Firmen, die ihre Mitarbeitenden online schwer erreichen (z.B. in der Gastro- oder handwerklichen Branche), lassen sich manchmal sehr kreative Schritte einfallen, um Employer Branding zu betreiben: So fuhr in Deutschland ein Lastwagen mit dem Logo des Unternehmens von Baustelle zu Baustelle, um den Handwerkern Hamburger zu verteilen.

Bewertungen durch Mitarbeiter – zu Recht gefürchtet?

Viele Unternehmen fürchten um ihren Ruf, wenn Mitarbeitende auf Bewertungsplattformen wie kununu oder Glassdoor Feedbacks über die Stärken und Schwächen des Arbeitgebers geben. Ich bin der Meinung, dass man diese souverän als Chance sehen sollte, den Dialog mit seinen Mitarbeitenden zu fördern. Bemühen sich Firmen, als Arbeitgeber wertschätzend mit ihren Angestellten umzugehen, brauchen sie sich nicht davor zu scheuen, sich öffentlich bewerten zu lassen; negative Kommentare werden sich in Grenzen halten – und können mit offener Kommunikation sogar abgeholt und oft in einen sinnvollen Zusammenhang gestellt werden.

Zeigen Sie auf Ihrer Webseite mehr als nur Stelleninserate – stellen Sie dar, was Ihre Firmenkultur einzigartig macht.

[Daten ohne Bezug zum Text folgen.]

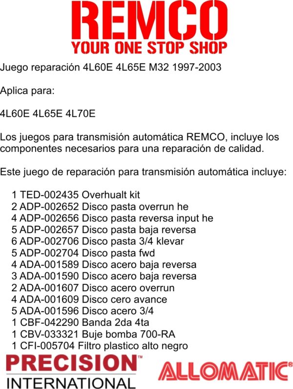 Los juegos para transmision automatica REMCO, incluye los componentes necesarios para una reparacion de calidad.

Erstellen Sie überdies ein attraktives Unternehmerprofil auf den sozialen Medien wie XING und LinkedIn und posten Sie Beiträge über erfolgreiche Projekte oder auch einmal lustige Aktionen (z.B. wenn Mitarbeitende ihren Hund zur Arbeit mitbringen). Diese Inhalte helfen, passive Kandidaten zu erreichen.

Die Resultate eines gelungenen Employer Brandings sind also zusammengefasst: Inspirationen fürs Recruiting, treue, loyale Mitarbeitende, die gesund bleiben und geringere Fluktuation. Ressourcen-Einsparungen sind eine weitere positive Konsequenz, weil Einstellungen über Empfehlungen durch Mitarbeitende gegenüber traditionellen Ausschreibungen erwiesenermassen bis zu zehnmal kostengünstiger sind.

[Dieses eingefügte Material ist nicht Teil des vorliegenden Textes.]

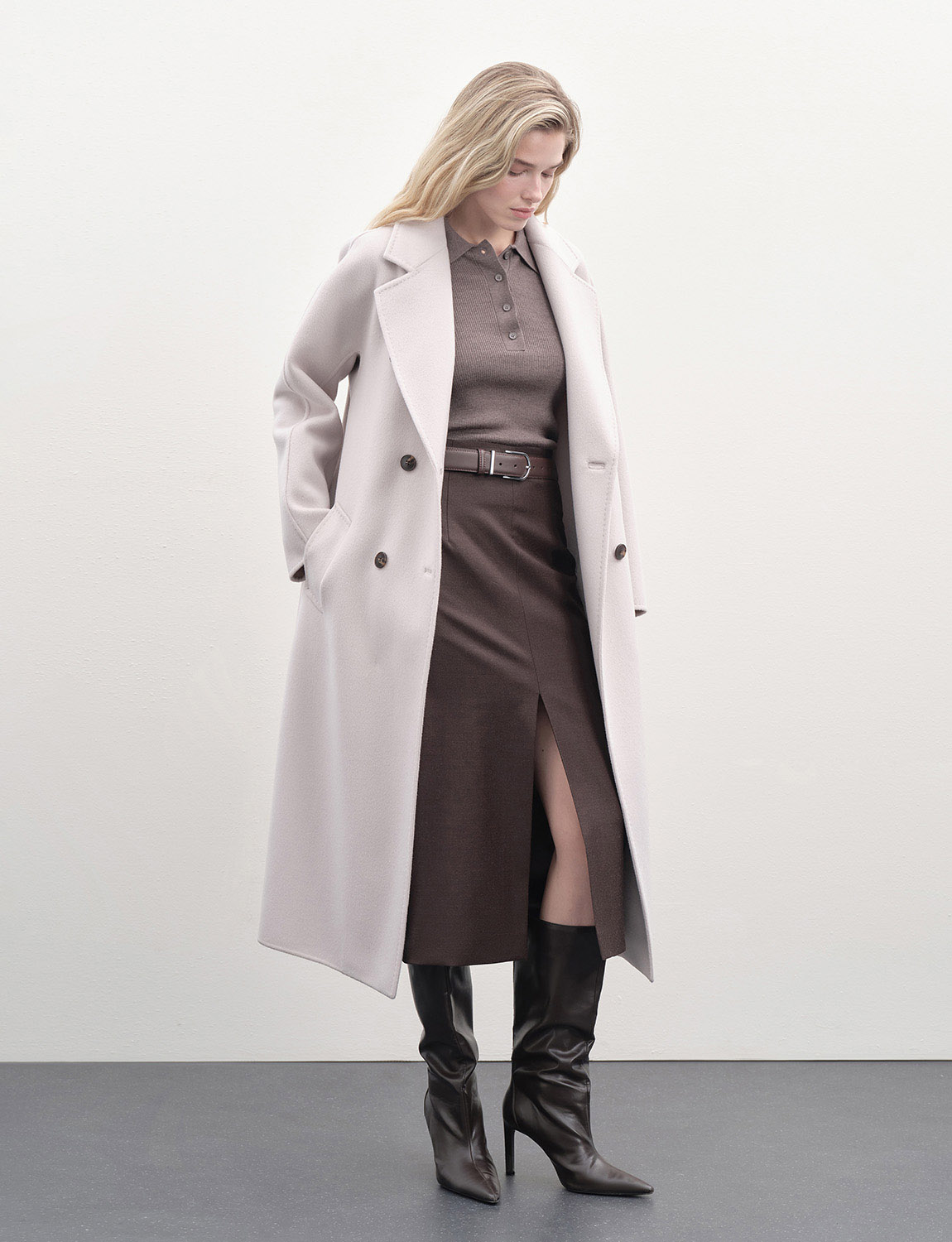 Двубортное пальто из смеси натуральной шерсти и мягкого кашемира. Такое сочетание материалов обеспечивает пальто высокие теплоизоляционные свойства, драпируемость и износостойкость. Застежка на пуговицы регулирует плотность прилегания пальто к телу, а съемный пояс поможет создать приталенный силуэт. У пальто цельнокроеные рукава и боковые карманы, которые согреют руки и сохранят мелочи. Пальто сочетается с классическими брюками, джинсами и платьями, образ дополнят ботинки, сапоги или ботильоны, а также элегантный платок или шарф. На модели размер S. Параметры модели: рост 179, 75-59-87.

Lösungen und Strategien für ein gelungenes Employer Branding müssen auf Ihr Unternehmen abgestimmt sein, was die Firmenphilosophie und den Kommunikationsstil angeht. Auch der Zielgruppe muss natürlich Beachtung geschenkt werden. Und wenn Sie befürchten, Kandidaten mit einem Blick hinter Ihre Firmenkulissen abzuschrecken (z.B. durch Kurzinterviews vom Team): Auch das ist wertvoll, denn Sie wollen ja Leute anziehen, die zu Ihrer Firmenkultur passen. Wer seine Kultur und Philosophie glaubwürdig nach aussen zu tragen vermag, bezieht Stellung und grenzt sich von der Konkurrenz ab.